* _Problem to work on_
Your copy should begin with the line containing "お花も咲くみたいで楽しみ 水入ってないみたいだよ おどろき", end with the line containing "Loose-fit, knee-length dress", match the listing below exactly, and contain no pictures.

* _Provided records_
* * * * * * *
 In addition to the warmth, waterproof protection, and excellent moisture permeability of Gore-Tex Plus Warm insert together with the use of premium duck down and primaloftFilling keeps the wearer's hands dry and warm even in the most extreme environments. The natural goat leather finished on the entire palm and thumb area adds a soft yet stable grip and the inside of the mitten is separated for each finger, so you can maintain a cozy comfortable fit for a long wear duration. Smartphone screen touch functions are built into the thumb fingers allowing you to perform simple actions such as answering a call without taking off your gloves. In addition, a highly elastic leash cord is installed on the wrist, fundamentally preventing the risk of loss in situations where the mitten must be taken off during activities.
* * * * * * *
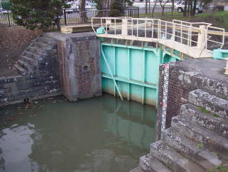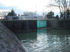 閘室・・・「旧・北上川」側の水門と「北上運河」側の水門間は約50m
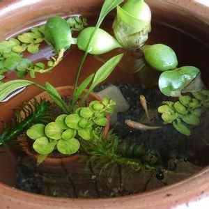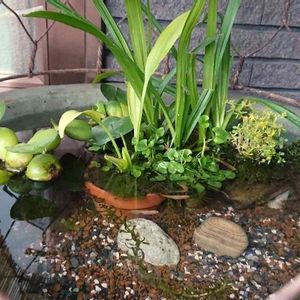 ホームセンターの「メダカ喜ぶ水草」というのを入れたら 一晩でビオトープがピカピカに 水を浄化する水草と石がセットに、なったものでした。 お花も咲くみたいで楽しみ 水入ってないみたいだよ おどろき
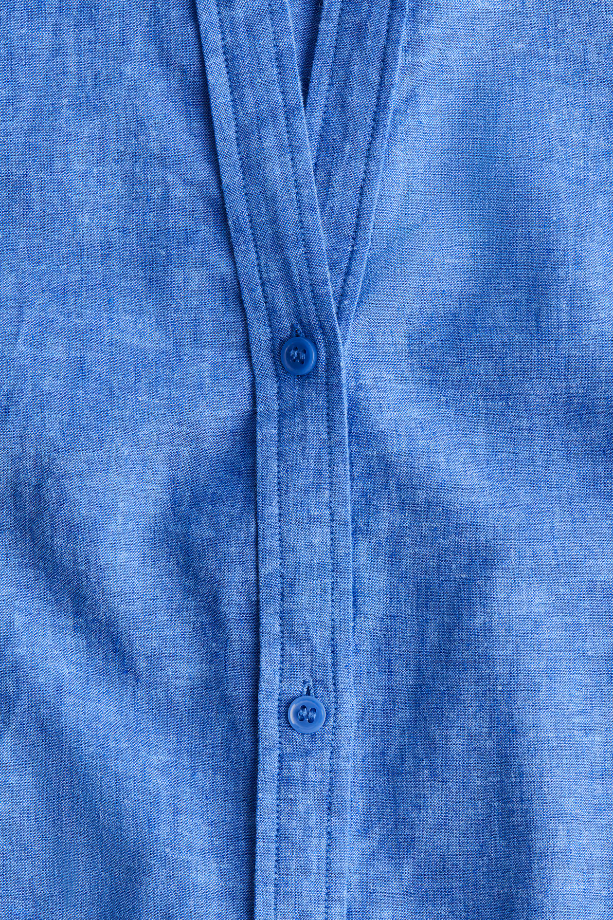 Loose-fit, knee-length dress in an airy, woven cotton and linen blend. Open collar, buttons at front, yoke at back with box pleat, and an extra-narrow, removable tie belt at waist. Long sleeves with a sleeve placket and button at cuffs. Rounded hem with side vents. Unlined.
* * * * * * *
* _Response below_
 ホームセンターの「メダカ喜ぶ水草」というのを入れたら 一晩でビオトープがピカピカに 水を浄化する水草と石がセットに、なったものでした。 お花も咲くみたいで楽しみ 水入ってないみたいだよ おどろき
 Loose-fit, knee-length dress in an airy, woven cotton and linen blend. Open collar, buttons at front, yoke at back with box pleat, and an extra-narrow, removable tie belt at waist. Long sleeves with a sleeve placket and button at cuffs. Rounded hem with side vents. Unlined.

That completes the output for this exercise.